Sanıklar Halil Gül ve Ümran Taş, 13041 kuyruk numaralı Skorsky S-70 tipi helikopterle Güvercinlik meydanından kalkarak Genelkurmay Başkanlığı binasına gitti ve rehin alınan müştekiler Hulusi Akar, Salih Zeki Çolak, Yaşar Güler, İhsan Uyar, Uğur Tarçın, Metin Gürak, Atilla Gökesaoğlu, Yunus Can, Ertuğrulgazi Özkürkçü, Göksel Sevindik ve Halil Göncü'yü 4 ayrı sefer yaparak Akıncı Hava Üssü'ne götürdüler.

Sanıklar Mustafa Çin ve Uğur Kaplan'ın kullandıkları 13045 kuyruk numaralı Skorsky S-70 tipi helikopter, kuleden izin almadan kalkarak Akıncı Hava Üssü'ne gitti ve orada daha önceden belirlenmiş alana "Yurtta Sulh" parolasını kullanarak indi.
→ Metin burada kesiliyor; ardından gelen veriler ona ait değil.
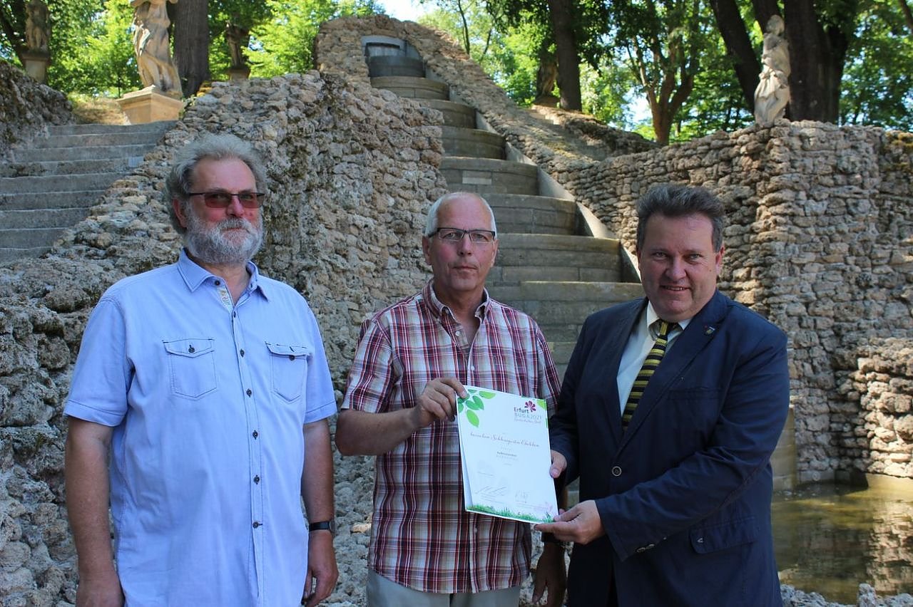 Dazu hatte Bürgermeister Uwe Vogt die Fördermittelgeber, Planer, Bauleute, Helfer und Sponsoren der vergangenen zweieinhalb Jahre eingeladen. Die Deutsche Stiftung Denkmalschutz, die durch ihren Ortskurator Mühlhausen Hans-Ulrich Pohlmann vertreten ist, stellte 2012 und 2013 insgesamt 20.000 Euro für die Mauerwerkssanierung der Hauptattraktion in der barocken Gartenanlage zur Verfügung.

Diğer pilot ve teknisyenler de helikopterlerle Akıncı Üssü'ne geldi.

Pilot ve teknisyenlerini toplayan sanık Uğur Kapan, askeri darbe yapıldığını, sıkıyönetim ilan edildiğini, kendisinin hava görev kuvvet komutanı olarak görevlendirildiğini, vereceği emir ve talimatlarla helikopter uçuşu gerçekleştirileceğini bildirdi ve "Atakanlar" adıyla bir Whatsapp grubu oluşturdu.

Makinalı tüfekle ateş ettiler

Kapan'ın talimatları üzerine, sanıklar Rıza Akıncı ve Zafer Dolu, 10505 kuyruk numaralı Cougar AS-532 tipi genel maksat helikopteriyle MİT müsteşarının rehin alınması planını gerçekleştirmek için MİT yerleşkesinin bulunduğu bölgeye gitti.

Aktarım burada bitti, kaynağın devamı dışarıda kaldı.